Desde a fuga de Fito, líder da maior facção criminosa do país, balanços preliminares apontam dez mortos, dezenas de presos, policiais e agentes penitenciários foram sequestrados e jornalistas sofreram ataques. Para manter as rédeas e voltar à normalidade, o presidente Daniel Noboa decretou um estado de exceção, mas sem sucesso. Em menos de um dia, um novo decreto foi emitido, declarando estado de "Conflito Armado Interno" em todo o território nacional.

Em diversas cidades, os comércios têm fechado cedo e as ruas são tomadas por pessoas apressadas a voltarem para casa. Em Quito, centenas de soldados guardam as ruas desertas em torno da sede presidencial, enquanto no norte o parque La Carolina, o maior da cidade de quase três milhões de habitantes, estava vazio, sem os seus habituais praticantes de esportes.

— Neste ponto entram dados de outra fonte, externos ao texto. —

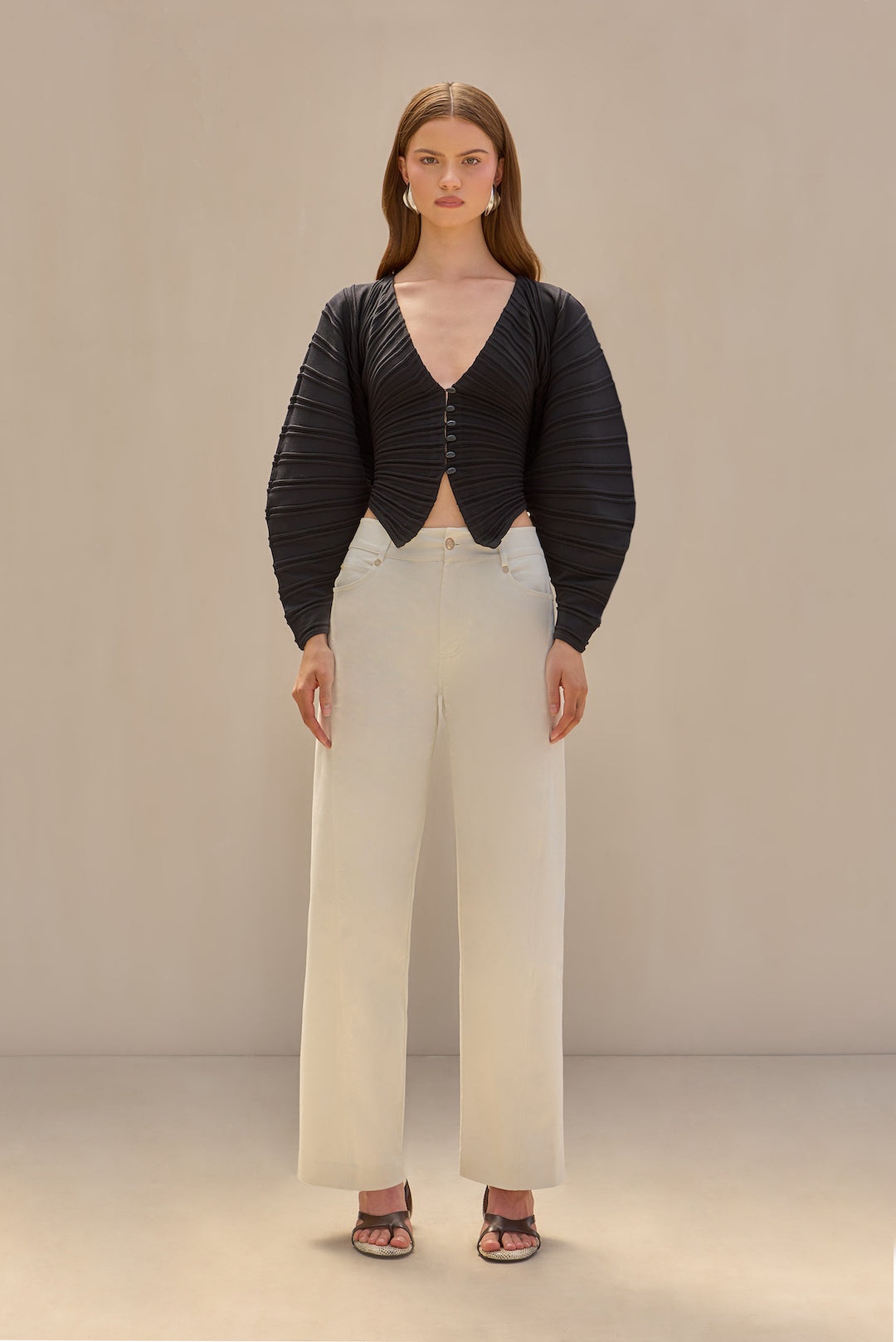 A structured, ribbed knit cardigan with an angular hem and stone buttons. — Can be worn open or closed — Oversized voluminous sleeves — Stone buttons — Adjustable sleeves FIT NOTES Model is 5'11" and is wearing a size Small COMPOSTION AND CARE 65% VISCOSE 35% NYLON
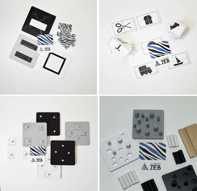 La Fabrique ZEB designs specialized progressive conceptual materials such as conceptual puzzles, conceptual diagram games, wooden puzzles, conceptual introductions to conventional games, tools to support conceptual visual pursuit and motor skills, and much more.

A Embaixada da China e o consulado em Guayaquil anunciaram, na terça-feira, a suspensão temporária de seu atendimento ao público, sem informar quando voltarão a funcionar.

Os ônibus, suspensos na terça-feira, voltaram a circular às 5h30 desta quarta-feira. O metrô também está operando normalmente. Ainda assim, a costumeira lotação no horário de pico deu lugar aos bancos vazios.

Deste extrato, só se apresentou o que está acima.